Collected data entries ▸
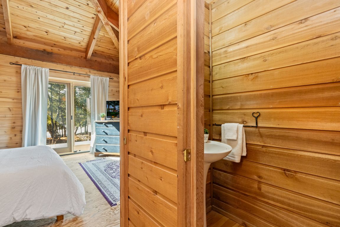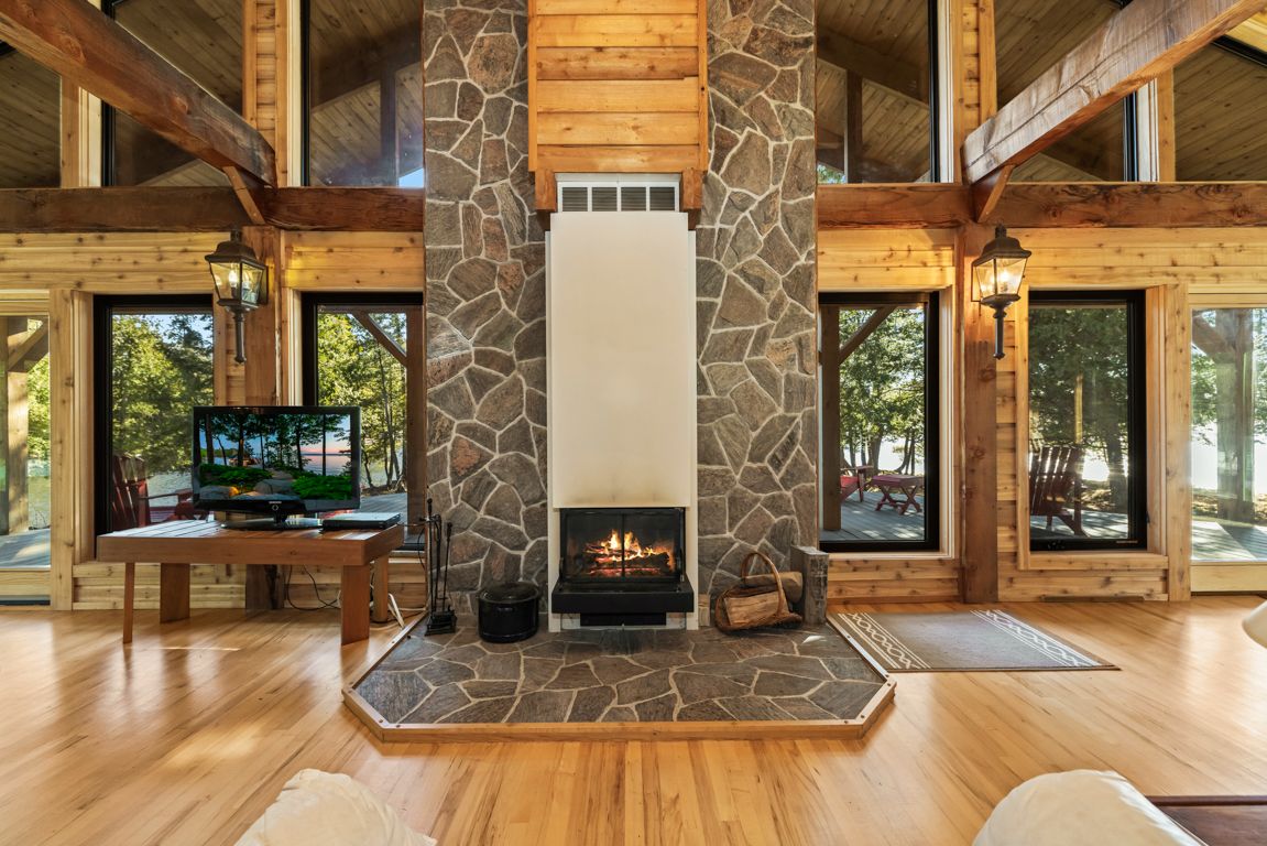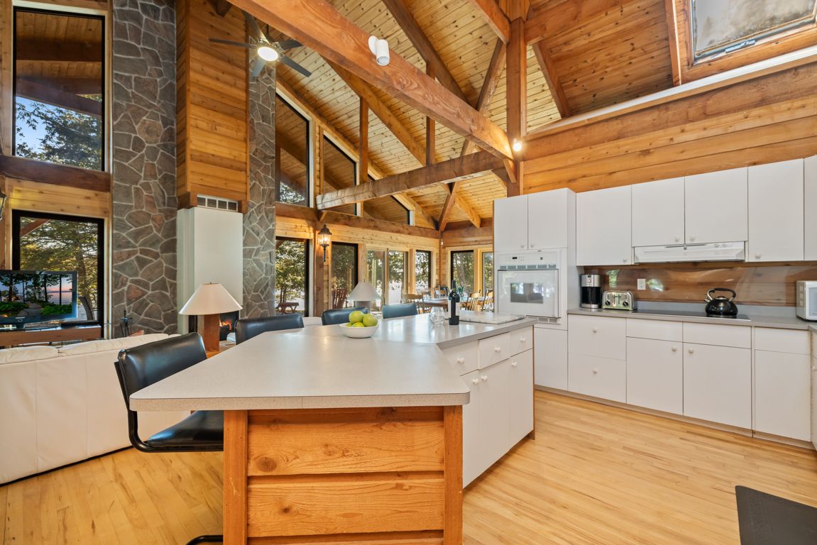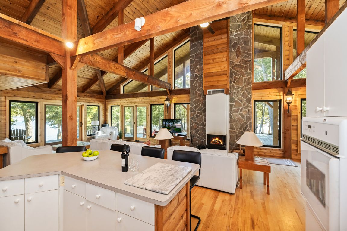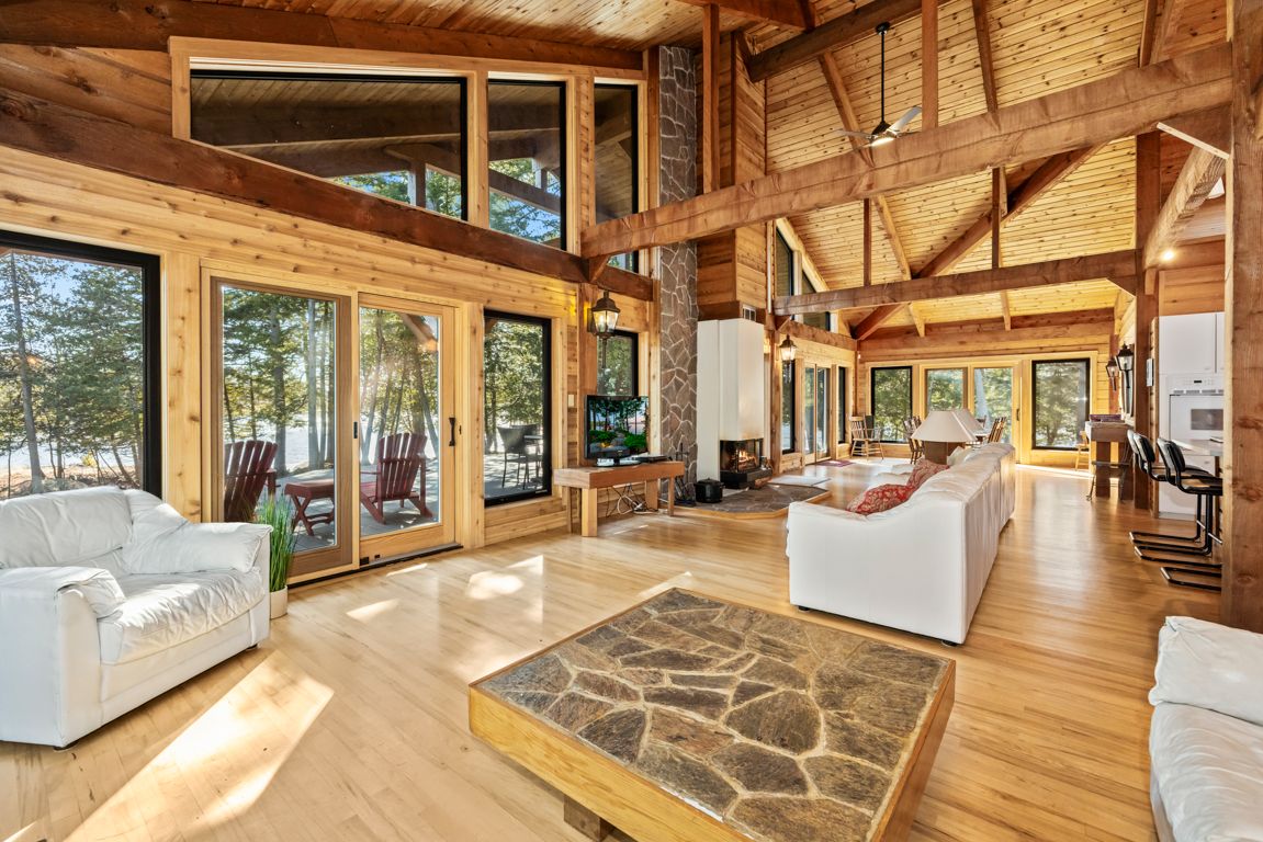 Lake manitouwabing spectacular point of land! Imagine 4. 2 acres of privacy! Panoramic views! Western sunset skies! This one has it all! Turnkey offering! Main cottage boasts douglas fir post & beam construction, warm cedar lined interior, 3 bedrooms, 1. 5 baths, captivating great room spanning 45 ft w vaulted ceilings, wrapped in windows & walkouts to the extensive wrap around composite decking, turnkey offering; includes cottage & bunkie furnishings, new exterior siding & shingles on cottage & garage, new drilled well 2021, potential for year round use (skirt in perimeter & insulate), newer garage 24 x 16 w hydro, experience old world charm at the water's edge in the 3 log cabin bunkies, ideal for extended family & guests, private road kept open 4 seasons for a nominal fee, once in a while a special rare property comes along and this is it! Don't miss this spectacular waterfront land, location & cottage retreat!
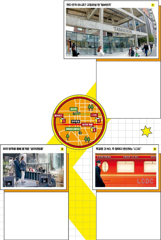 고객에게 식상할 겨를을 주지 않는 ‘빠른 변화’도 성수동의 키워드 중 하나다. 살라댕템플에서 골목 하나만 건너면 나오는 문화공간 LCDC를 찾으면 무슨 얘기인지 알 수 있다. LCDC도 텅 빈 주차장 부지에 세운 3층짜리 복합문화공간이다.
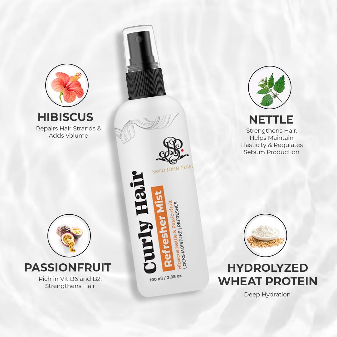 Curly Hair Refresher Mist | Curly hair products | Instantly Refreshes Curls | Adds Hydration | Hair care | Hair style tools | Minimizes Frizz By Savio John Pereira - 100 ml (200)
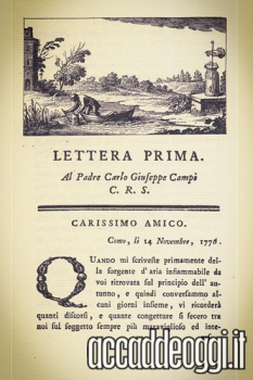 (Nella foto: la lettera di Alessandro Volta a padre Carlo Giuseppe Campi dal libro "Sull'aria infiammabile nativa delle paludi".
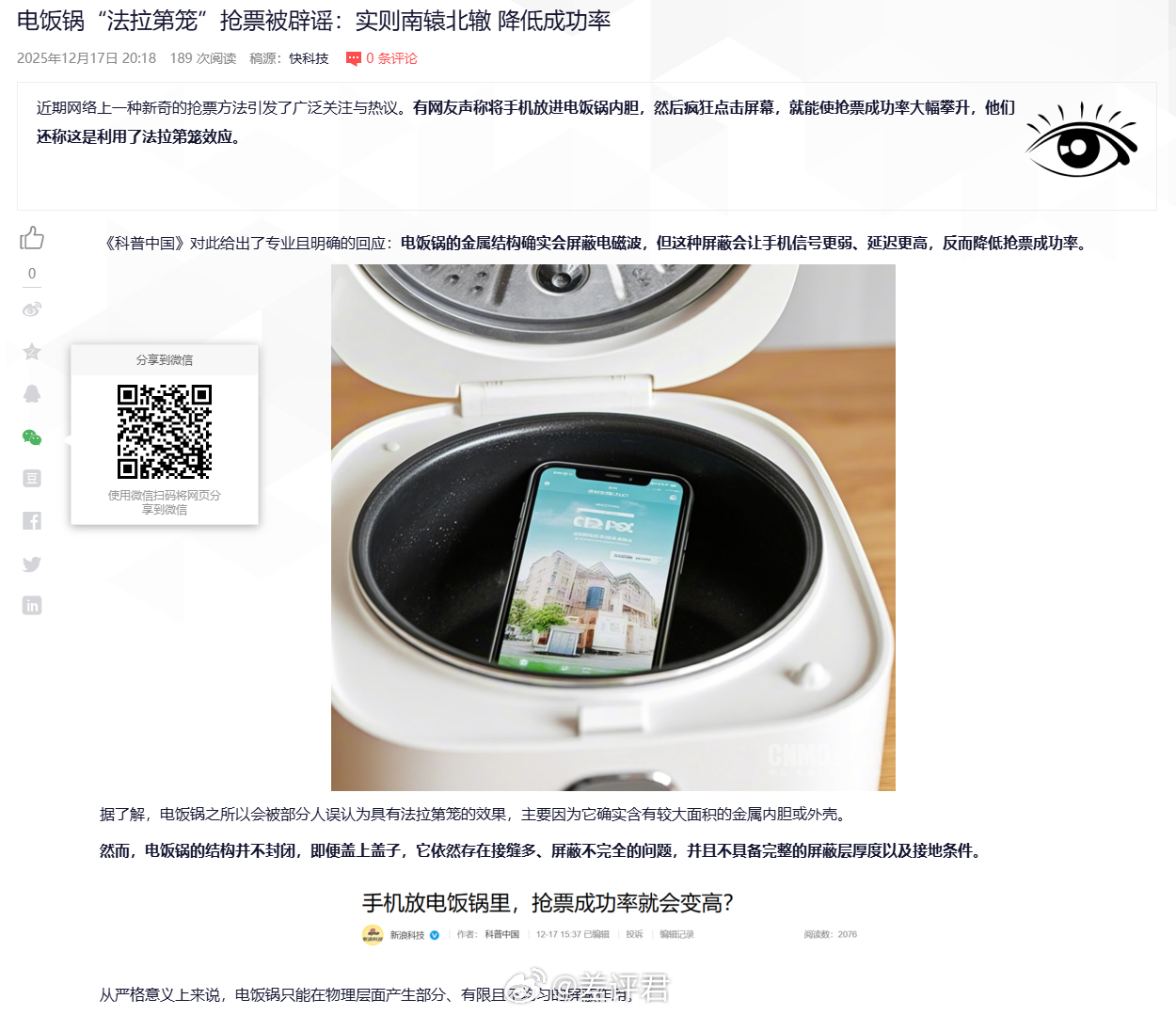 #差评说数码#手机放电饭锅里抢票能提高成功率?其实网络质量反而会降低,这谣言属

Exercise details ▸ Could the entries above be written out word for word, pictures excluded?

Answer section ▸
 Lake manitouwabing spectacular point of land! Imagine 4. 2 acres of privacy! Panoramic views! Western sunset skies! This one has it all! Turnkey offering! Main cottage boasts douglas fir post & beam construction, warm cedar lined interior, 3 bedrooms, 1. 5 baths, captivating great room spanning 45 ft w vaulted ceilings, wrapped in windows & walkouts to the extensive wrap around composite decking, turnkey offering; includes cottage & bunkie furnishings, new exterior siding & shingles on cottage & garage, new drilled well 2021, potential for year round use (skirt in perimeter & insulate), newer garage 24 x 16 w hydro, experience old world charm at the water's edge in the 3 log cabin bunkies, ideal for extended family & guests, private road kept open 4 seasons for a nominal fee, once in a while a special rare property comes along and this is it! Don't miss this spectacular waterfront land, location & cottage retreat!
 고객에게 식상할 겨를을 주지 않는 ‘빠른 변화’도 성수동의 키워드 중 하나다. 살라댕템플에서 골목 하나만 건너면 나오는 문화공간 LCDC를 찾으면 무슨 얘기인지 알 수 있다. LCDC도 텅 빈 주차장 부지에 세운 3층짜리 복합문화공간이다.
 Curly Hair Refresher Mist | Curly hair products | Instantly Refreshes Curls | Adds Hydration | Hair care | Hair style tools | Minimizes Frizz By Savio John Pereira - 100 ml (200)
 (Nella foto: la lettera di Alessandro Volta a padre Carlo Giuseppe Campi dal libro "Sull'aria infiammabile nativa delle paludi".
 #差评说数码#手机放电饭锅里抢票能提高成功率?其实网络质量反而会降低,这谣言属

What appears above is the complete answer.